● **What is expected**
Reproduce exactly the line with "out here: Ukulele Rhythms." and every line that follows it below, up to and including the last one. Do not include pictures or anything else.

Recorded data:
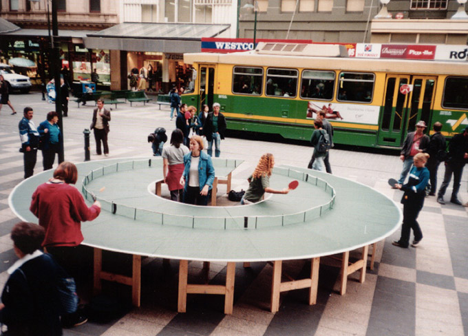“Ping-Pong-Go Round” ist ein runder Tischtennis Spass des in Singapur ansässigen Künstlers Lee Wen. “A round Ping-Pong table was made out of plywood. It was made up of 15 tabletops to be set up as doughnut shaped. The diameter was 6 meters across. Players play from inside to another player on the outside. After constructing it, the table was set up for a day in a community center for play by casual visitors. It looked like a sculpture by itself and yet when it is being played it becomes a structure for a sport or game.”
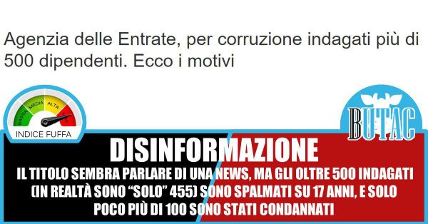 Ma sostenere che si trattasse di 562 indagati, ricavati facendo somma tra indagati e condannati, significa non sapere far di calcolo, leggere le fonti e verificarle… Titolare come se ci fossero nuove indagini su 562 dipendenti dell’Agenzia è disinformare il lettore. L’idea che mi sono fatto è che la strategia sia sempre la stessa, disinformare per indignare, abbassando sempre di più la fiducia nelle istituzioni. Io onestamente fossi al governo sarei preoccupato da questo genere di comunicazione, da quanti siti continuano imperterriti a diffonderla. L’information disorder è un problema serio. Prenderlo sotto gamba è da sciocchi.
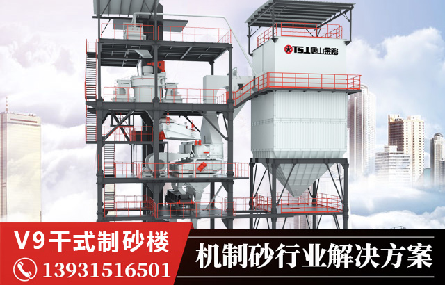 唐山金路V9制砂樓采用立軸沖擊式破碎機和空氣篩組成的返回式閉路系統(tǒng),大幅的增加了原來難以生產(chǎn)的0.6mm到0.15mm之間的粒度。實現(xiàn)了粒度、粒形都可以與天然砂相比擬的機制凈砂。并且通過加濕拌合機可以設(shè)定適當(dāng)?shù)暮?,不會產(chǎn)生產(chǎn)品粒度離析的問題。
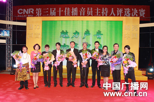 中廣網(wǎng)北京10月28日快訊(記者蔡波 李東巖 何微)中央人民廣播電臺(tái)第三屆十佳播音員主持人評(píng)選10月28日揭曉。中國(guó)之聲蘇揚(yáng)、音樂(lè)之聲田龍、文藝之聲阿杰、維語(yǔ)頻率阿不都卡得爾·阿西木、藏語(yǔ)頻率扎西羅布、中國(guó)之聲鄭嵐、音樂(lè)之聲小強(qiáng)、經(jīng)濟(jì)之聲劉倩、中國(guó)之聲子文、娛樂(lè)廣播海陽(yáng)等十名選手獲得“十佳”桂冠。
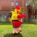 Ainsi, nous fabriquons le poulet gonflable Dédé en 3 m (H) personnalisé comme souhaite le client, habillé en boxeur.
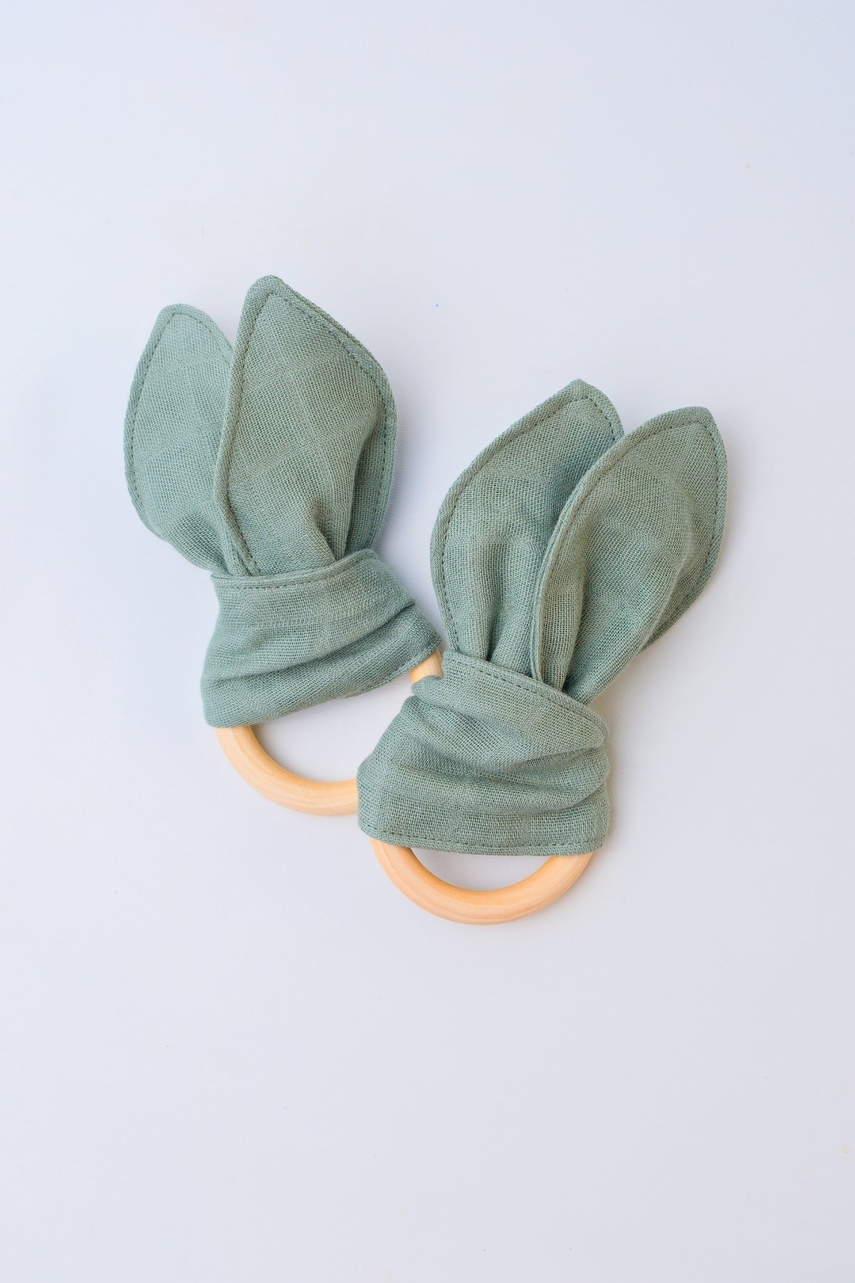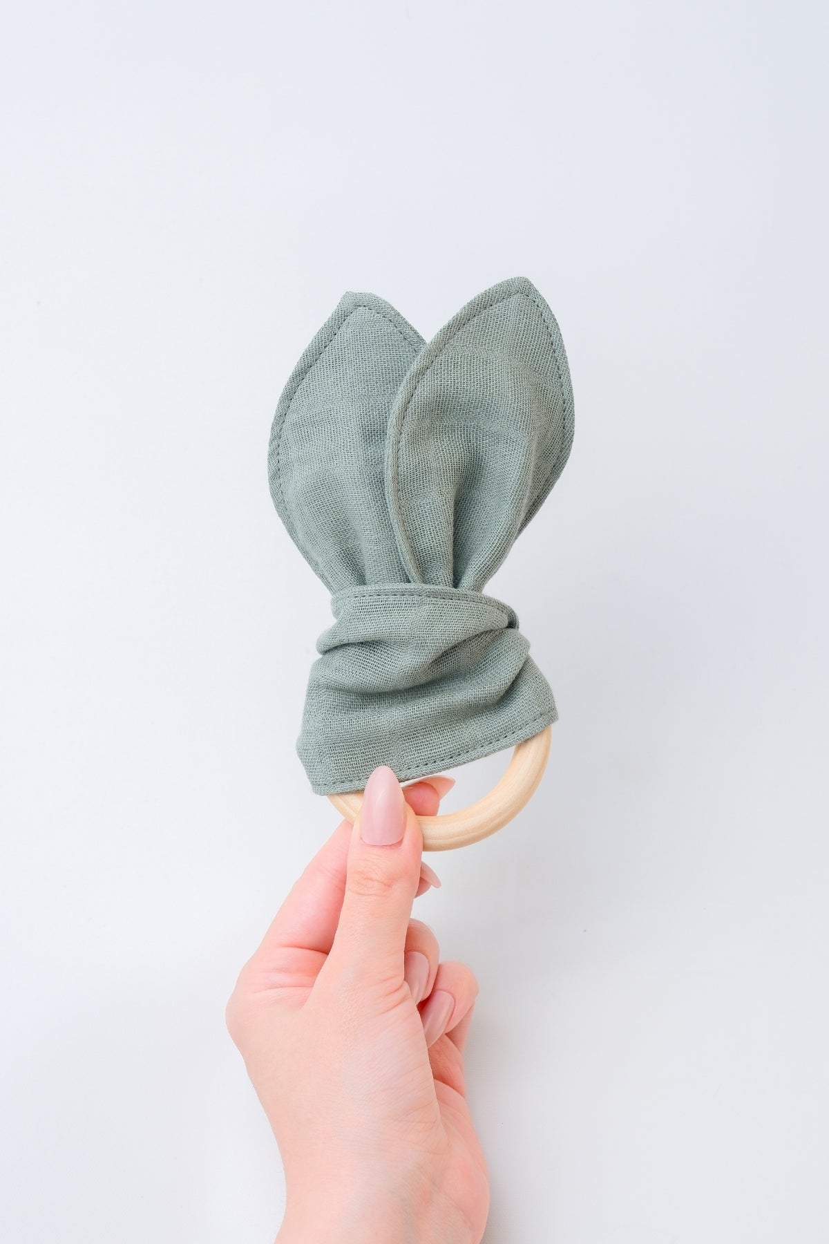 Ergonomik ahşap halka,minik eller için kavraması kolaydır; yumuşak müslin kumaş ise diş çıkarma döneminde rahatlatıcı bir etki sunar.
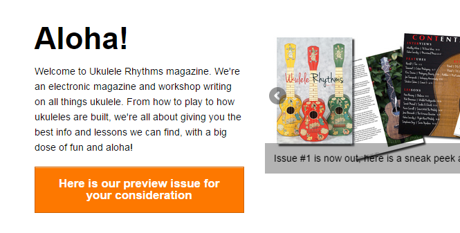 Ukulele Rhythms“Ukulele Rhythms” is completely digital, or online only . You can enter your email to sign up to receive a free preview download of one of their issues. Their contributing writers are Sarah Maisel, Kimo Hussey, Craig Chee, Phil Doleman and so many others, Terrance Tan is the Editor. I basically paid for the subscription because of Sarah Maisel and Craig Chee’s involvement because I had just seen them perform at the MUD Festival in Lansing, Michigan, and also I was attracted to the cover art. Their articles and photography are cutting edge and their articles read like you are taking part in a workshop. They also run contests and inform you of giveaways. You can check it out here: Ukulele Rhythms.
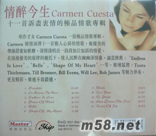 情醉今生PEACE OF MIND(m58.net) 頂級發燒天碟錄音 樂壇猛人群星拱照伴奏 優美浪漫舒懷的旋律 甜蜜如軟糖的女聲 十一首衷情盡訴的情歌 情醉今生 十一首訴盡衷情的極品情歌專輯 唱作才女carmen cuesta一張極品情歌專輯。carmen傾情演繹十一首動人主扉的情歌,她優美的聲線甜蜜如軟糖,深情淺唱出一段段如泣如訴的情愛,在浪漫優美的旋律的襯托下,使人沉醉在幽幽深情里,誠意推薦:'Endless is 'love.'bells','shape of my heart'...等樂壇猛將:toots thielemans,till bronner,till bronner,bill evens,will lee,bob james等傾力伴奏,更見精彩,樂迷不容錯過.
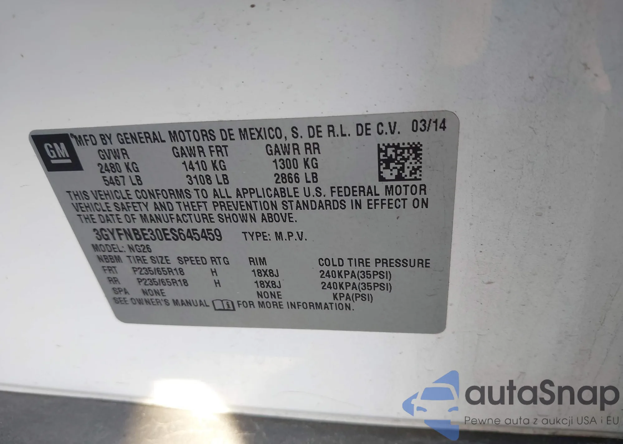 • VIN 3GYFNBE30ES645459

● **Final answer**
 Ukulele Rhythms“Ukulele Rhythms” is completely digital, or online only . You can enter your email to sign up to receive a free preview download of one of their issues. Their contributing writers are Sarah Maisel, Kimo Hussey, Craig Chee, Phil Doleman and so many others, Terrance Tan is the Editor. I basically paid for the subscription because of Sarah Maisel and Craig Chee’s involvement because I had just seen them perform at the MUD Festival in Lansing, Michigan, and also I was attracted to the cover art. Their articles and photography are cutting edge and their articles read like you are taking part in a workshop. They also run contests and inform you of giveaways. You can check it out here: Ukulele Rhythms.
 情醉今生PEACE OF MIND(m58.net) 頂級發燒天碟錄音 樂壇猛人群星拱照伴奏 優美浪漫舒懷的旋律 甜蜜如軟糖的女聲 十一首衷情盡訴的情歌 情醉今生 十一首訴盡衷情的極品情歌專輯 唱作才女carmen cuesta一張極品情歌專輯。carmen傾情演繹十一首動人主扉的情歌,她優美的聲線甜蜜如軟糖,深情淺唱出一段段如泣如訴的情愛,在浪漫優美的旋律的襯托下,使人沉醉在幽幽深情里,誠意推薦:'Endless is 'love.'bells','shape of my heart'...等樂壇猛將:toots thielemans,till bronner,till bronner,bill evens,will lee,bob james等傾力伴奏,更見精彩,樂迷不容錯過.
 • VIN 3GYFNBE30ES645459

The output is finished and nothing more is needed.